Dans un second temps, le prévenu conteste, sur le fond, la constitution de partie civile de la LICRA
et invoque la méconnaissance par les juges du fond des dispositions des articles 48-1 de la loi du
29 juillet 1881 et 1382 du code civil. Sur ce point, la chambre criminelle relève que la cour d’appel
a correctement caractérisé l’infraction poursuivie et exactement appliqué, en conséquence, l’article
48-1 précité, puisque l’« association, régulièrement déclarée depuis plus de cinq ans à la date des
faits et se proposant, par ses statuts, de combattre le racisme et d’assister les victimes de
discrimination, peut exercer les droits reconnus à la partie civile ». La Cour de cassation ajoute que
« les juges du fond ont souverainement apprécié, dans les limites des conclusions de la partie
civile, le montant de l’indemnité propre à réparer le dommage résultant de l’infraction retenue ».

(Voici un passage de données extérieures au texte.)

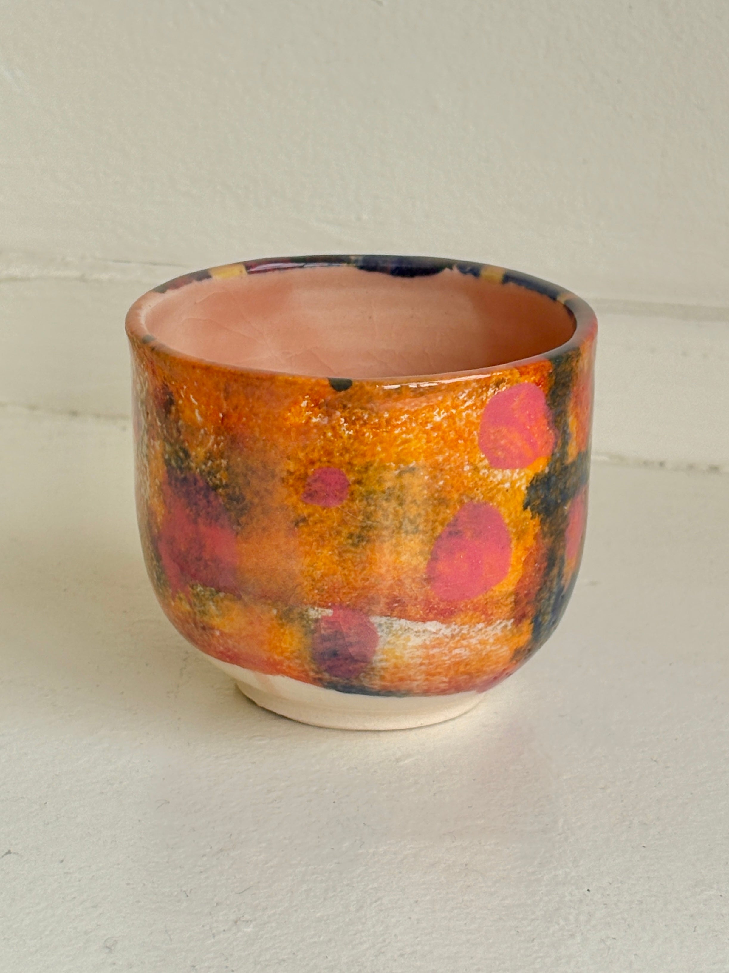 Orange, Pink, & Navy Glazed Interior Decorative Vase

Depuis 1972, certaines associations déclarées depuis au moins cinq ans sont autorisées à
poursuivre spécialement les infractions de presse portant atteinte aux intérêts qu’elles défendent.

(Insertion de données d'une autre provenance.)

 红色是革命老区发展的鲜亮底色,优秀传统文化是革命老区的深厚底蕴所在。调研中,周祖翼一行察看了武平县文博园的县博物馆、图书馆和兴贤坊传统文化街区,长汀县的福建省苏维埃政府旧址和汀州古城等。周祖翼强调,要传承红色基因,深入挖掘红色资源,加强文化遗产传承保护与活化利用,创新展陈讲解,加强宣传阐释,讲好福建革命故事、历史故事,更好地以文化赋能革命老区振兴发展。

Ainsi, l’article 48-1 permet aux associations de lutte contre le racisme d’exercer les droits reconnus
à la partie civile en ce qui concerne les délits de provocation à la discrimination raciale (art. 24, al.
6), de diffamation raciale (art. 32, al. 2) et d’injure raciale (art. 33, al. 3 ; sur l’action de ces
associations, V. Rép. pén. préc., nos 152 s.). Depuis 1990, ce texte confère les mêmes droits aux
associations ayant pour objet d’assister les victimes de discrimination fondée sur leur origine
nationale, ethnique, raciale ou religieuse. Pour être recevable, l’association doit seulement compter
parmi ses objets la lutte contre le racisme, cette dernière notion étant entendue largement (V.
Crim. 16 avr. 1991, Bull. crim. no 182 ; 2 mars 1993, Bull. crim. no 94).